Prince’s tweet was viewed 12.3 million times as the college star pointed out fundamental inequalities and highlighted key differences between the women’s and men’s tournament in food provided to teams, access to weight rooms and even swag bags. Players and coaches also spoke out about other areas that showed how the athletes were treated differently, such as the fact that there were 68 men’s teams compared to 64 women’s, and the use of “March Madness” branding only for the men’s tournament.

Within a week of Prince’s tweet, the NCAA had hired the law firm of Kaplan, Hecker & Fink LLP to conduct an independent equity review of the NCAA. In August 2021, the company released its 117-page review, popularly known as the “Kaplan Report” – of the NCAA’s gender parity within basketball championships. The Kaplan report recommended that the NCAA spin off the women’s basketball tournament separately from other sports, suggesting a higher rating, and said the NCAA had created disparities in the tournaments by having different people work to organize them without proper discuss whether they were comparable. .

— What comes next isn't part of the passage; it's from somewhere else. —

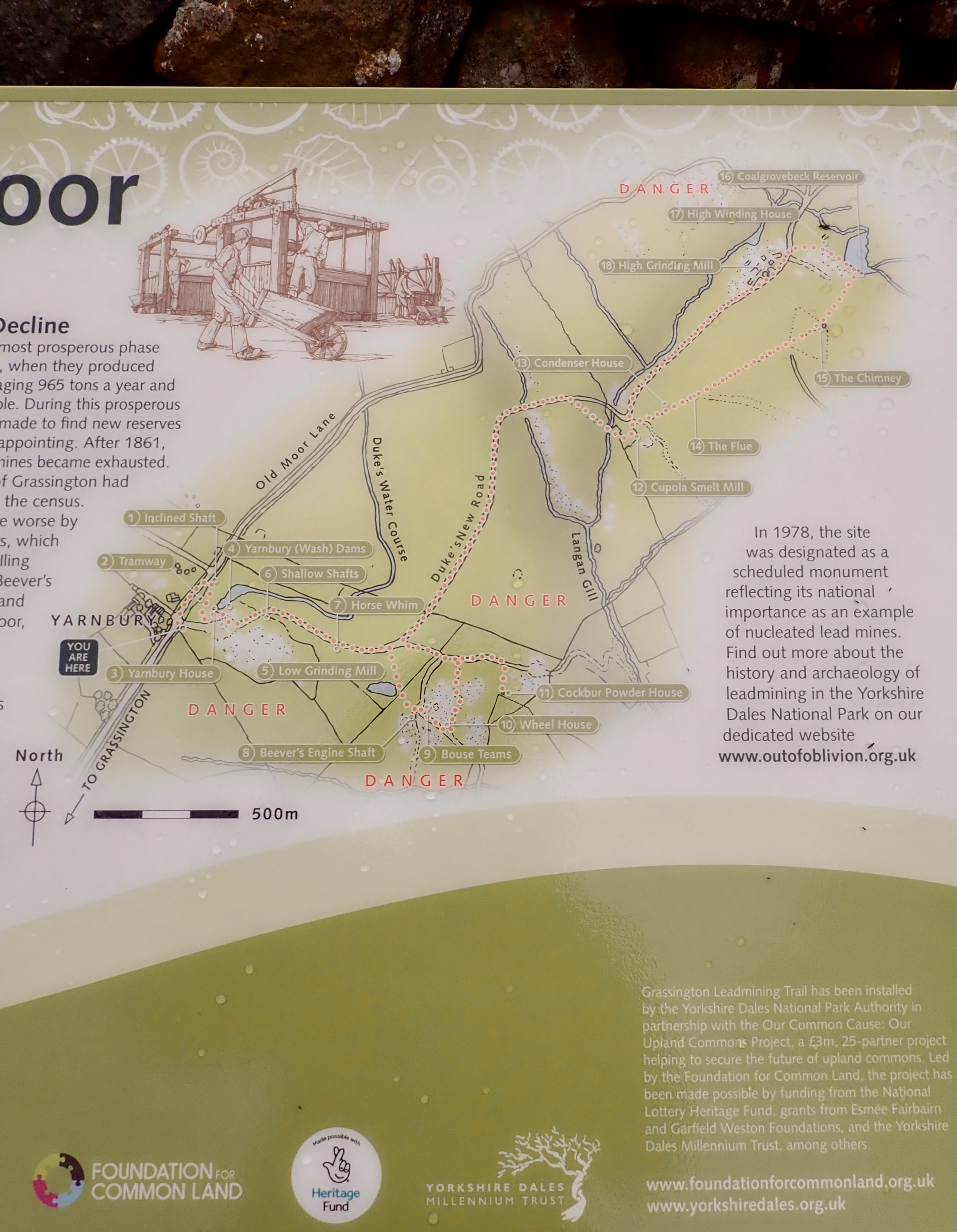 The Grassington Moor Lead Mining Trail shown on an information board at Yarnbury.

Baker and the NCAA’s media rights advisers said they evaluated all possible options, including going to the open market and trying to sell a standalone women’s basketball tournament package, but chose not to.

“If the market had shown us and Endeavor that it would be worth doing that, we absolutely would have gone in that direction,” Baker said.

Several experts from the sector have said this The Athletics last year that it would make the most sense for the NCAA to hold the women’s tournament on ESPN, a partner that broadcasts so much of the sport’s regular season that it would be incentivized to cover the sport leading up to the big postseason event. Brodkin said there would be no better option than an offer to triple their current deal, in addition to increasing investment in production, marketing and storytelling while putting more games on ABC.

“Unbundling for the sake of unbundling – you would have to go through the exercise of who and how is someone going to do more than that?” Brodkin said.

Last season, the women’s title game first aired on ABC, and ESPN announced in October that it would air again on ABC this season — albeit not in prime time. More women’s sporting events could be placed on ABC or in better windows as both sides agreed to meet regularly to consider changes to maximize visibility of events that require it.